Problem to solve: Starting at the line that contains "De zijkant vertoont", write out every line to the end of the records below exactly, and leave out the pictures.
Entries provided below:
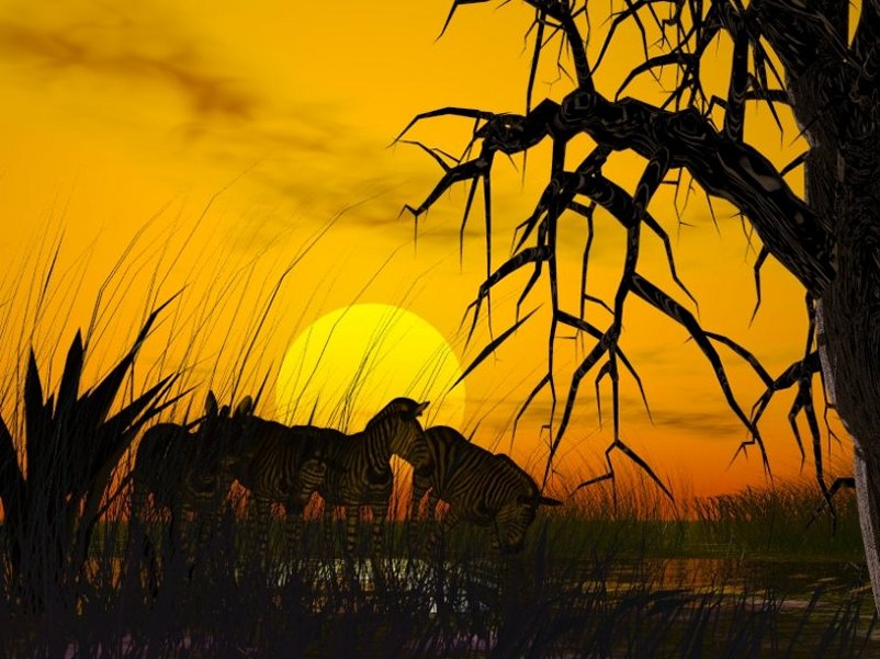 Aber der Himmel, die Sonne und die Tiere sind sehr gut in Szene gesetzt. Auch das Gras/Schilf ist sehr gut gelungen. Ein sehr harmonisches Bild.
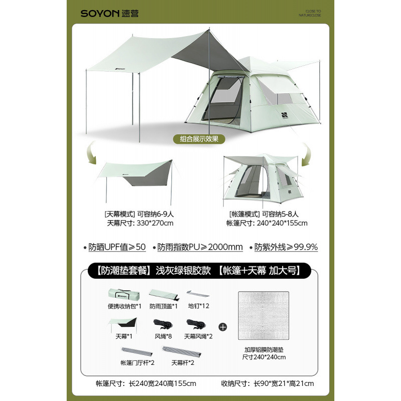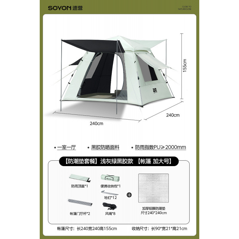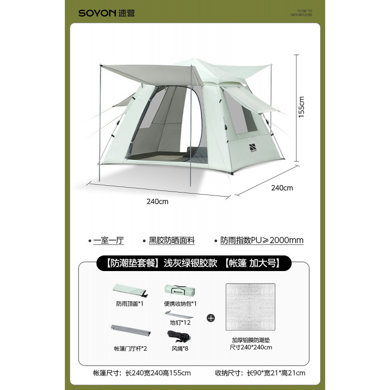 Серо-зеленый-[Влагостойкий коврик] Палатка с серебряным клеем [Большой размер, 5-8 человек]
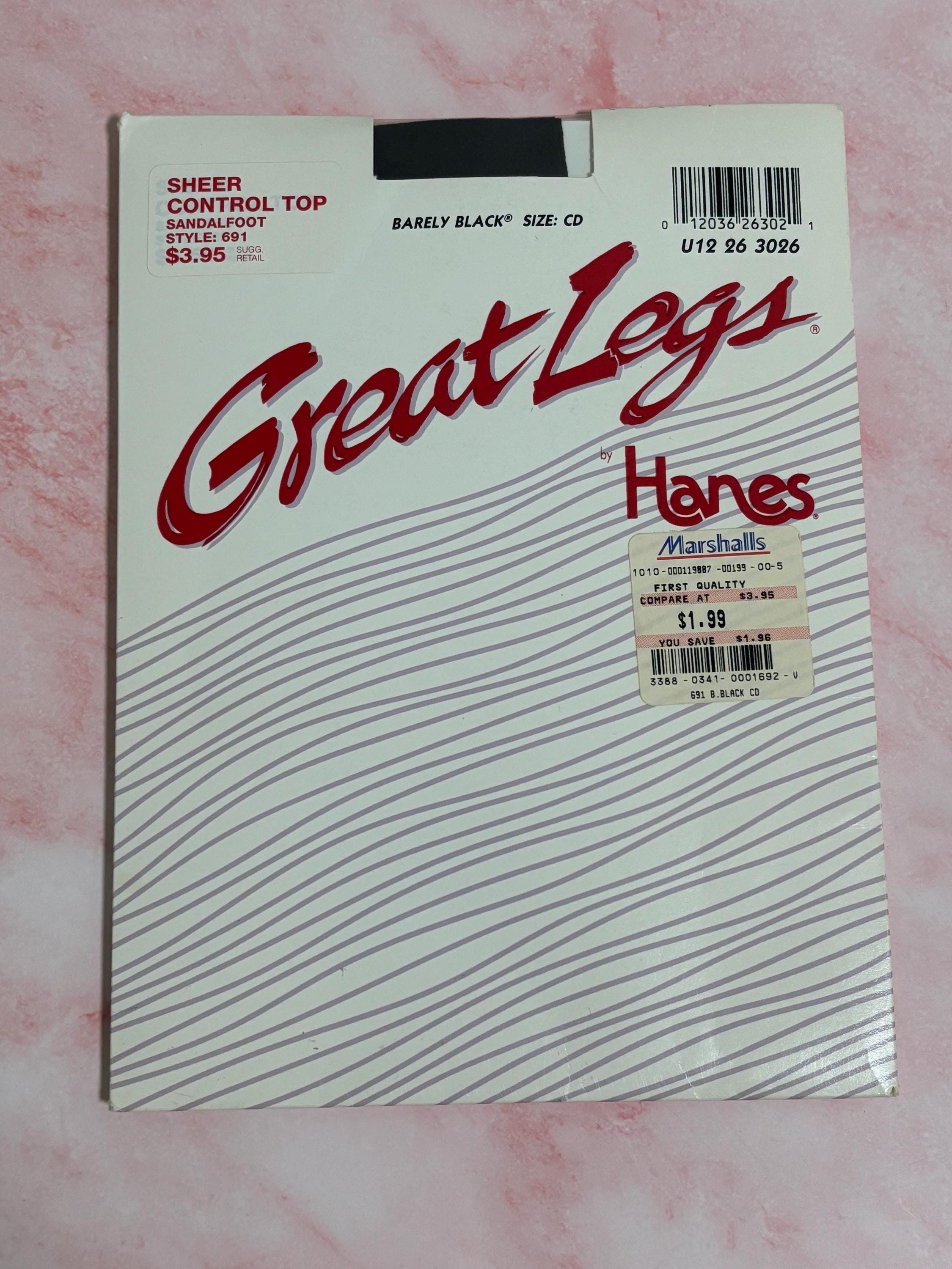 VISIT jaxinabox.com FOR ALL OUR LISTINGS!Hanes Great Legs Pantyhose Barely Black 691 Sheer Control Top Sandalfoot CD
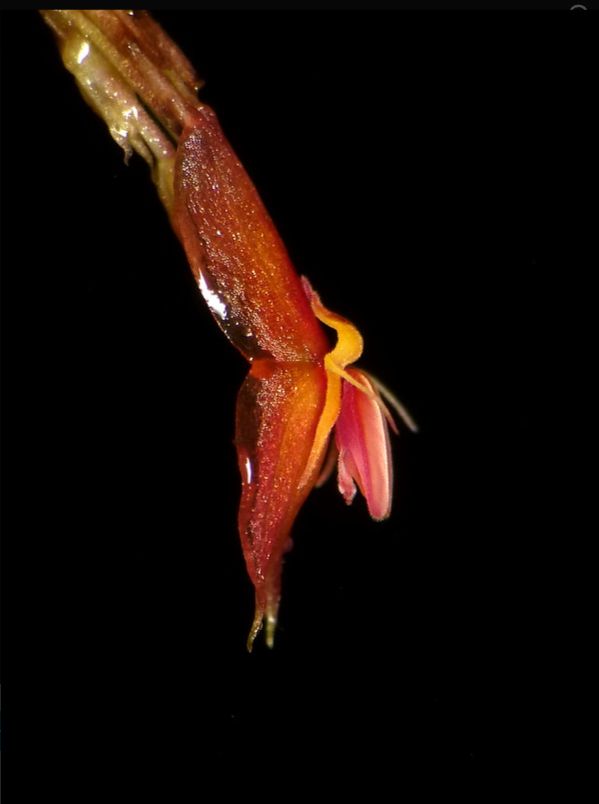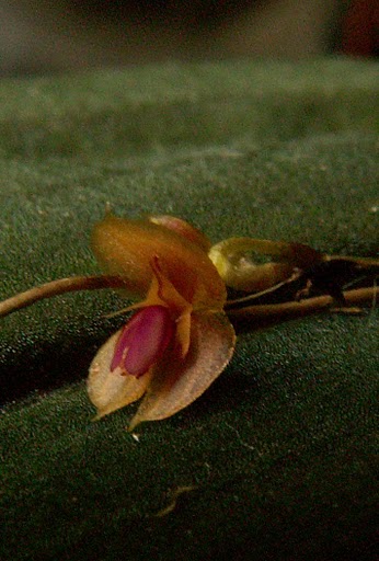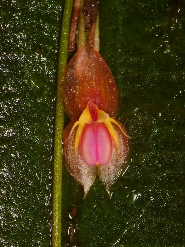 Found in Ecuador in cloud forests at elevations of 2000 to 2300 meters as a miniature to small sized epiphyte with slender, erect to suberect ramicauls enveloped by 10 to 18 minutely scabrous lepanthiform sheaths and carrying a single, apical, erect, thinly coriaceous, purple beneath, ovate, long-acuminate apically, the rounded to obtuse base contracted below into a petiolate base leaf that blooms in the spring and summer on an extremely congested, secund, slender, 2.4" [6 cm] long, successively many flowered, racemose inflorescence arising on the back side of the leaf.
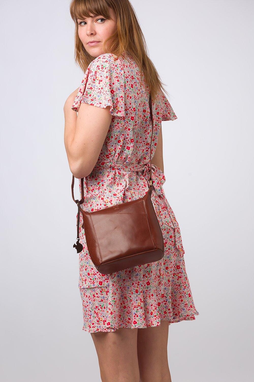 На передней части сумки имеются привлекательные перекрывающиеся накладные карманы. Сумка через плечо Kiki из коллекции Conkca Signature Collection просто необходима. Просторное центральное отделение на подкладке из 100% хлопка скрыто застежкой-молнией и имеет два накладных кармана для всех необходимых вещей. Рядом с двумя накладными карманами спереди. дополнительный накладной карман сзади — идеально подходит для хранения вещей в дороге. Украшен просто элегантным логотипом Conkca, тисненным рядом с подвеской в виде белки Conkca. Сумка дополнена тонким регулируемым кожаным ремешком длиной 65 см.
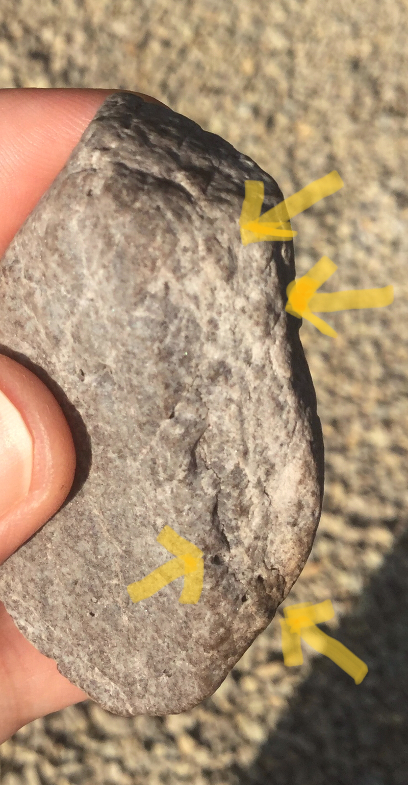De zijkant vertoont een structuur parallel aan het “ding”.
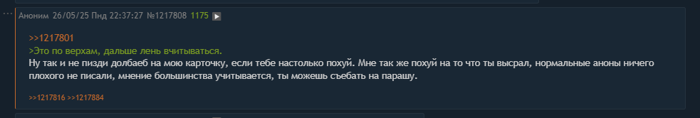 >>1217801 >Это по верхам, дальше лень вчитываться. Ну так и не пизди долбаеб на мою карточку, если тебе настолько похуй. Мне так же похуй на то что ты высрал, нормальные аноны ничего плохого не писали, мнение большинства учитывается, ты можешь съебать на парашу.
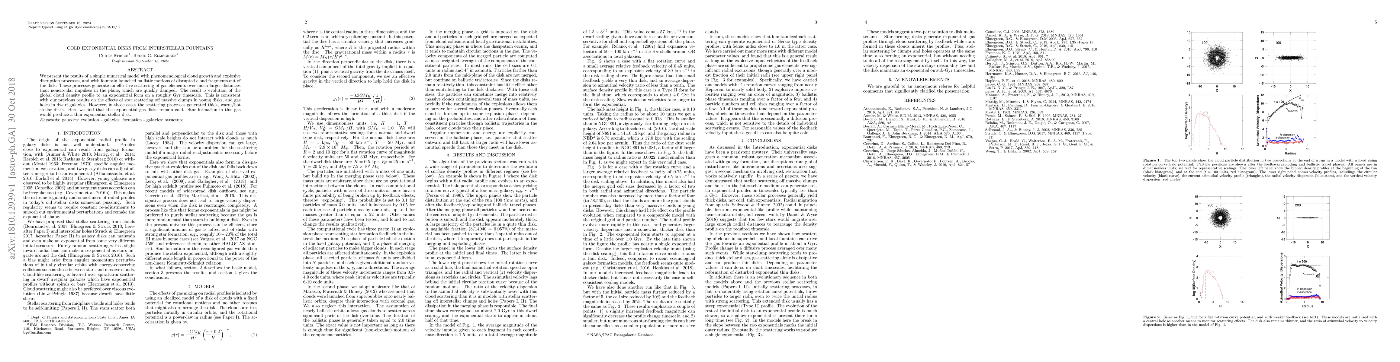 We present the results of a simple numerical model with phenomenological cloud growth and explosive disruption processes, and with fountain launched ballistic motions of disrupted cloud fragments out of the disk. These processes generate an effective scattering of gas elements over much larger distances than noncircular impulses in the plane, which are quickly damped. The result is evolution of the global cloud density profile to an exponential form on a roughly Gyr timescale. This is consistent with our previous results on the effects of star scattering o? massive clumps in young disks, and gas holes in dwarf galaxies. However, in those cases the scattering processes generated thick, warm/hot stellar disks. Here we find that the exponential gas disks remain cold. Star formation in this gas would produce a thin exponential stellar disk.
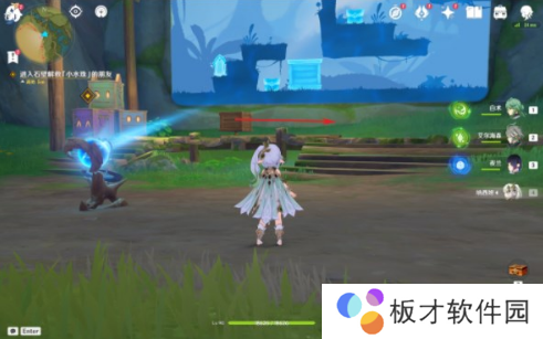 4、然后使用旁边的聚流映灯,进入先成图,开启宝箱后,离开先成图
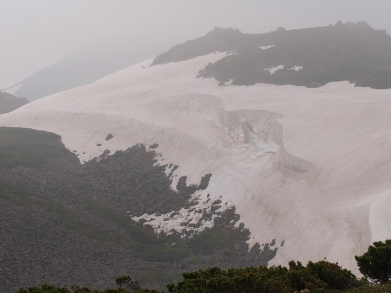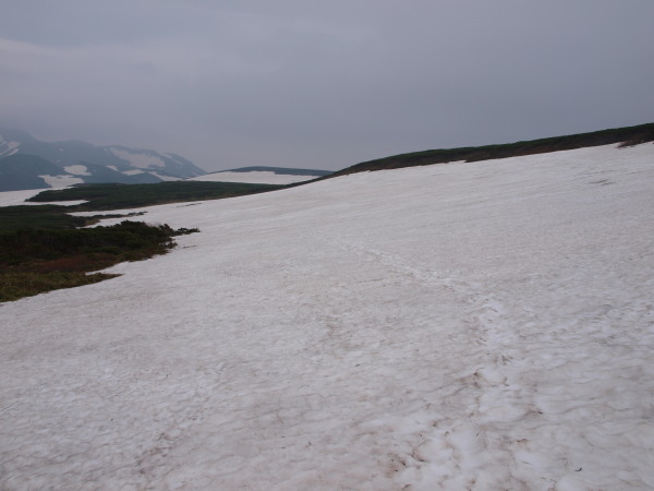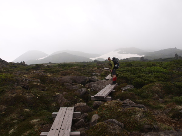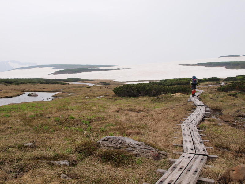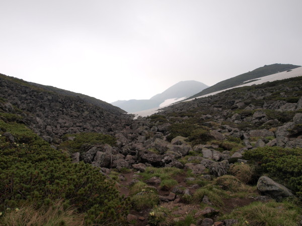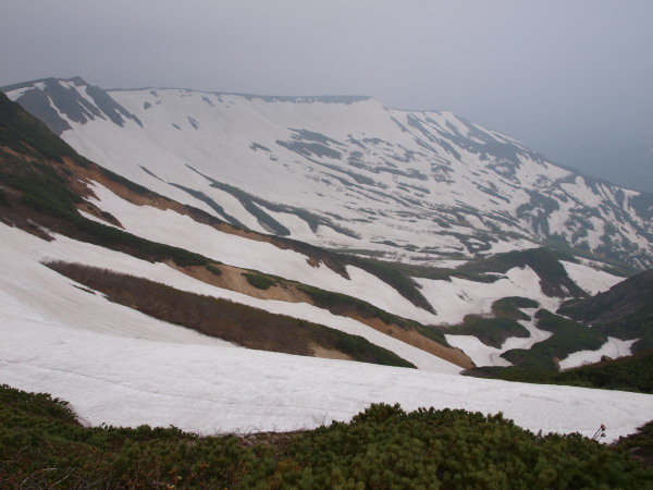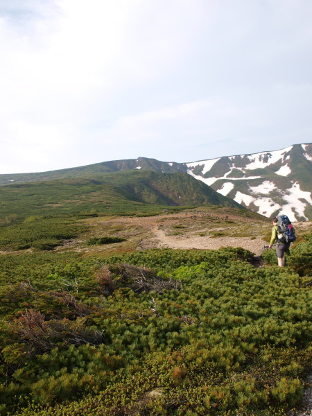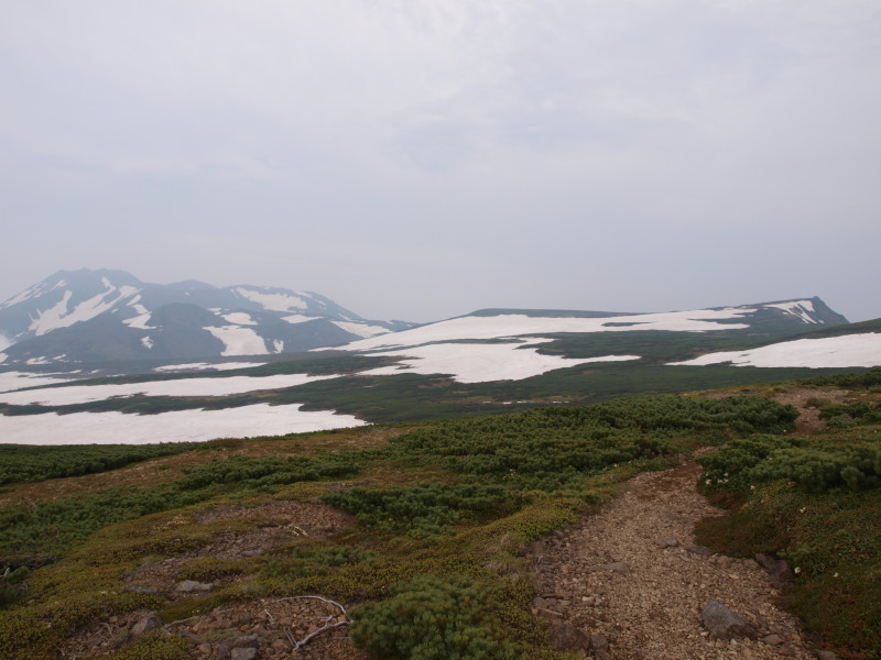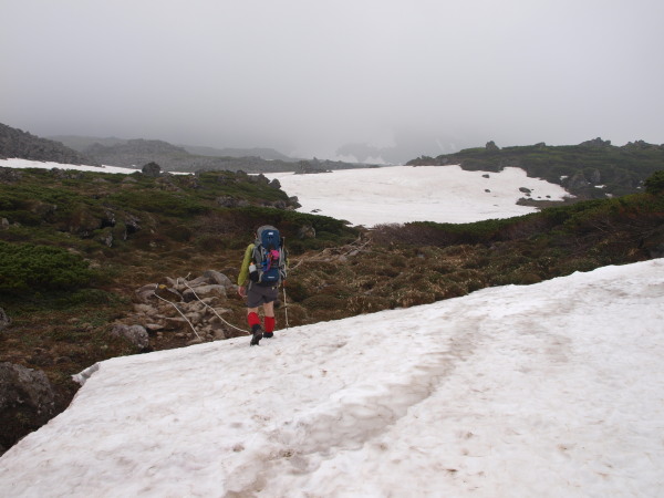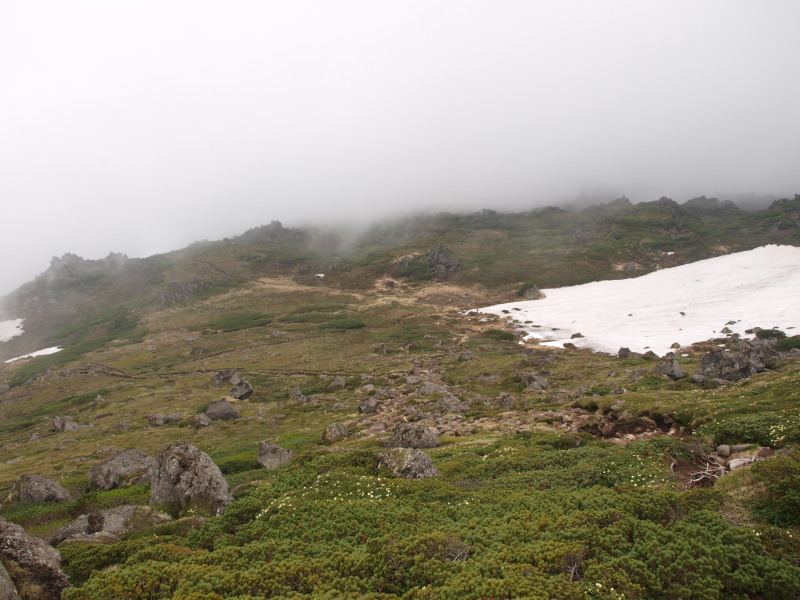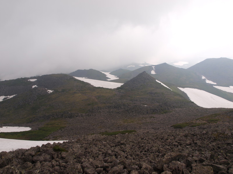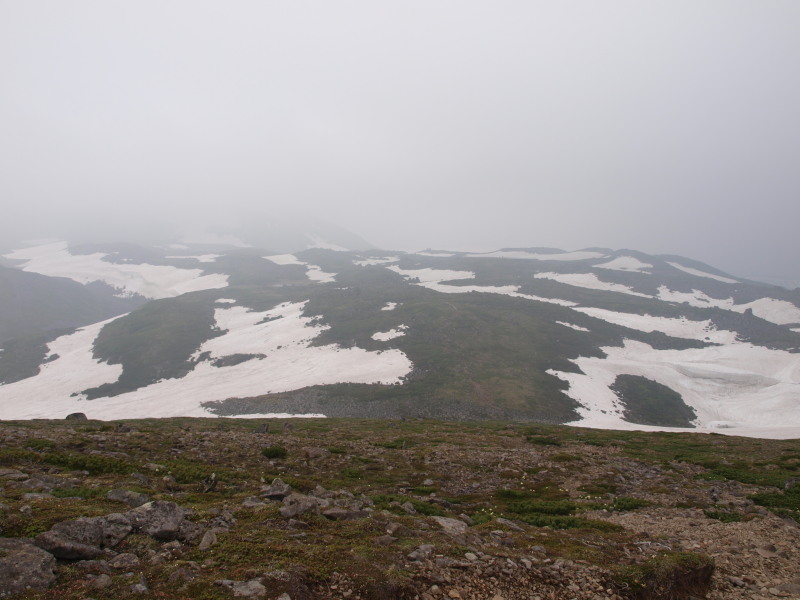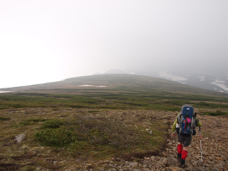 この時点ではトムラウシ山が見ていましたが、ガスも湧いてきて天気は悪くなっいます。
End of Entries provided.
Result of this exercise:
De zijkant vertoont een structuur parallel aan het “ding”.
 >>1217801 >Это по верхам, дальше лень вчитываться. Ну так и не пизди долбаеб на мою карточку, если тебе настолько похуй. Мне так же похуй на то что ты высрал, нормальные аноны ничего плохого не писали, мнение большинства учитывается, ты можешь съебать на парашу.
 We present the results of a simple numerical model with phenomenological cloud growth and explosive disruption processes, and with fountain launched ballistic motions of disrupted cloud fragments out of the disk. These processes generate an effective scattering of gas elements over much larger distances than noncircular impulses in the plane, which are quickly damped. The result is evolution of the global cloud density profile to an exponential form on a roughly Gyr timescale. This is consistent with our previous results on the effects of star scattering o? massive clumps in young disks, and gas holes in dwarf galaxies. However, in those cases the scattering processes generated thick, warm/hot stellar disks. Here we find that the exponential gas disks remain cold. Star formation in this gas would produce a thin exponential stellar disk.
 4、然后使用旁边的聚流映灯,进入先成图,开启宝箱后,离开先成图
 この時点ではトムラウシ山が見ていましたが、ガスも湧いてきて天気は悪くなっいます。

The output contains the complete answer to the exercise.